10. Remember the Core Business and Workers. As many changes as the Internet is bringing to the business world, there are still some practices it simply can't address: quality control problems, major backorder problems, and so on. Nor can it create new, exciting medical products. While technology and IT professionals are in the spotlight now, remember that your company was built on medical technology innovation, and that is where the focus should stay. And workers in this core area should be reminded of, and recognized for, the high value they bring to the company's bottom line.
Fast-Forward: 10 Ways to Think Differently About Your Company's Internet Strategies
1. Make sure the buck
2. Rome wasn't built in a day. Develop an Internet strategy that meets today's business needs, but beware of unrealistic short-term expectations.
3. You need a little help from your friends. Partnering with (the right) other companies and organizations should be a central part of a business's Internet strategy.
4. Think globally. Medical device companies' biggest opportunity may well be the ability to conduct global business more quickly than ever before.
5. Redefine your product line. Smart companies now try to fill customer needs with both medical technology and information technology.
6. Envision the impossible, and believe it will happen. The Internet will enable companies to enhance business operations in ways that may seem far-fetched today. Go ahead: dream!
7. Forget the old workplace rules and focus on: "I want to be viewed as a new-economy company." New-economy companies approach corporate culture, workplace responsibilities and roles, and employee relations very differently from their old-economy counterparts.

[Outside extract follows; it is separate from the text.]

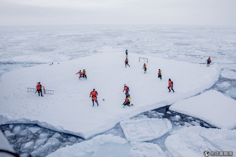 來自挪威的科學家和海軍在北極海的浮冰上踢足球,替冰天雪地的生活增加一點趣味。
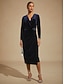 女性用 ミディドレス シフォンドレス エレガント パーティー 誕生日 レギュラー 純色 七分袖 クルーネック ネイビーブルー 夏 春 秋

8. Manage and perfect your companywide e-mail strategies. E-mail can radically streamline operationsor it can become overwhelming, cutting workers' productivity.
9. No news is bad news. Communicate, communicate, communicate the company's Internet strategy to employees, customers, investors, board members, and potential partners.
10. Stay focused. As amazing as the Internet is, it will likely never replace your core business!
Be a Leader
Ready or not, the Internet and the related revolution in communications technologies are moving at lightning speed, affecting every industry and every company. Medical device companies that forget they are operating in a new economy are likely to miss opportunities that will be available as the new economy develops and matures.
1. EW Boehm, Sizing Healthcare eCommerce (Cambridge, MA: Forrester Research, 1999).